Mayjen. Mike Murray, komandan jenderal di Fort Stewart, Selasa menyaksikan sekelompok tentara memasang mortir berat 120 mm di lapangan latihan. Murray, seorang perwira dengan pengalaman infanteri selama 32 tahun, mengatakan sudah waktunya untuk membuka posisi tempur bagi perempuan dan “hal ini akan dipelajari sampai mati” sehingga Angkatan Darat dapat membuktikan kepada mereka yang tidak setuju bahwa tentara perempuan secara fisik mampu melakukannya. Kelompok sukarelawan di Fort Stewart terdiri dari campuran veteran perang dan pendatang baru, namun tidak butuh waktu lama bagi kelompok tersebut untuk menyatu setelah beberapa kecanggungan awal.

“Itu hampir seperti pesta dansa sekolah menengah di mana ada laki-laki di sini dan perempuan di sana,” kata Murray. “Seminggu kemudian, sungguh menakjubkan betapa cepatnya tim terbentuk.”

Memberi tentara waktu satu bulan untuk bersiap berarti bahwa wanita yang belum pernah dilatih untuk memanjat tembok setinggi 6 kaki atau mengeluarkan korban dari tank memiliki waktu untuk mempelajari teknik yang tepat sebelum mereka benar-benar diuji bulan depan.

Sersan Staf. Terry Kemp, seorang pengintai kavaleri yang membantu melatih relawan Fort Stewart, mengatakan tentara wanita mulai mengejar rekan pria mereka setelah dua minggu pelatihan. Latihan membawa rudal yang pada awalnya membutuhkan waktu tujuh menit bagi laki-laki, kemudian diselesaikan oleh perempuan selama 12 menit, katanya. Namun pada minggu ketiga, pria dan wanita mengurangi waktunya menjadi sekitar empat menit.

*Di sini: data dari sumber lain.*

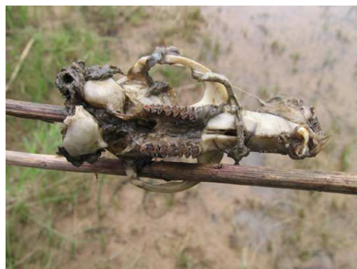
Beaver tracks (right, and right of the shoe print in the picture) were found in our Lower Brown's Park sandbar survey site at river mile 257.8. This muskrat skull (right) was still attached to a dead muskrat at the same survey site.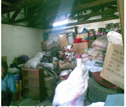
Seized goods in State Warehouse-Nakonde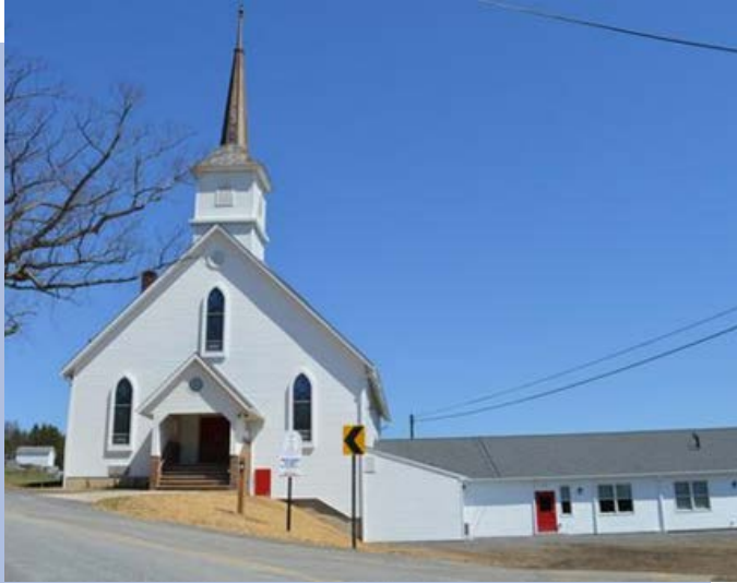
St. Matthew's 102 Church St. Kunkletown, PA 18058

When I was growing up, it was always exciting when someone new would move into the area, and I would have a new friend to get to know. Well, let me introduce you to my new friend (or should I say friends since they average about 75 people each Sunday), St. Matthew's of Kunkletown, PA!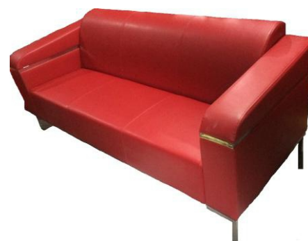
BY OS 17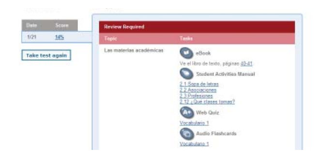
Figure 11: Personalized Study Plan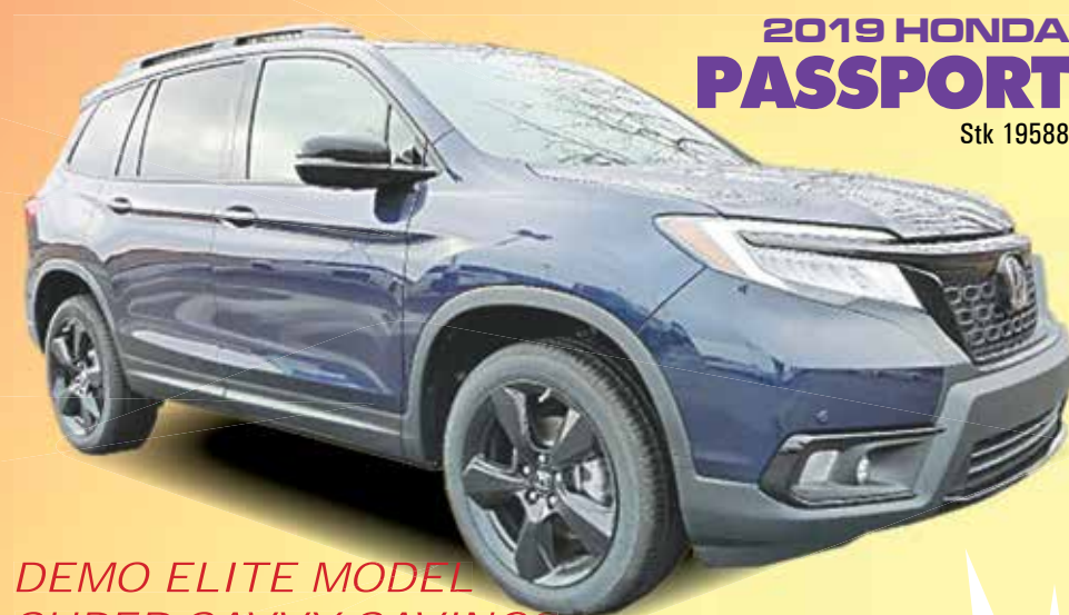
2019 HONDA PASSPORT Stk 19588

Mereka yang terus bersikeras bahwa perempuan tidak bisa tampil sebaik laki-laki dalam pertempuran “bisa saja bersungut-sungut mengenai hal itu sepanjang hari,” kata Kemp, seorang veteran Irak dan Afghanistan. “Tetapi pada akhirnya hal itu akan terjadi.”

Tes atau standar kebugaran seperti apa yang akan muncul dari penelitian militer masih harus dilihat. Saat ini tidak ada persyaratan kebugaran untuk bertugas dalam posisi tempur di luar tes kebugaran fisik standar Angkatan Darat untuk semua prajurit – yang mencakup push-up, sit-up, dan lari sejauh 2 mil serta menilai pria dan wanita pada skala yang berbeda.

Brinkley mengatakan militer mengambil pelajaran dari pemadam kebakaran dengan tidak berfokus pada kemampuan prajurit dalam melakukan push-up atau pull-up, yang lebih disukai pria karena menguji kekuatan tubuh bagian atas. Dia mengatakan para pejabat menyadari perempuan melakukan tugas fisik secara berbeda dengan menggunakan lebih banyak kekuatan inti dan kaki. Dengan berfokus pada tugas dibandingkan latihan, para pejabat Angkatan Darat berharap dapat menghilangkan bias gender dalam studi mereka.

Arvizu berhenti menembakkan rudal anti-tank ke Fort Stewart, dengan mengatakan bahwa dia menganggap pekerjaan berat itu memalukan. Meskipun dia merasa terdorong oleh rekan-rekan prianya, dia tidak memiliki keinginan untuk berhenti mengemudikan truk dan bergabung dengan unit tempur.

“Bukannya saya datang, saya melihat dan menaklukkan,” katanya. “Tetapi saya datang, saya melihat dan saya melakukan yang terbaik.”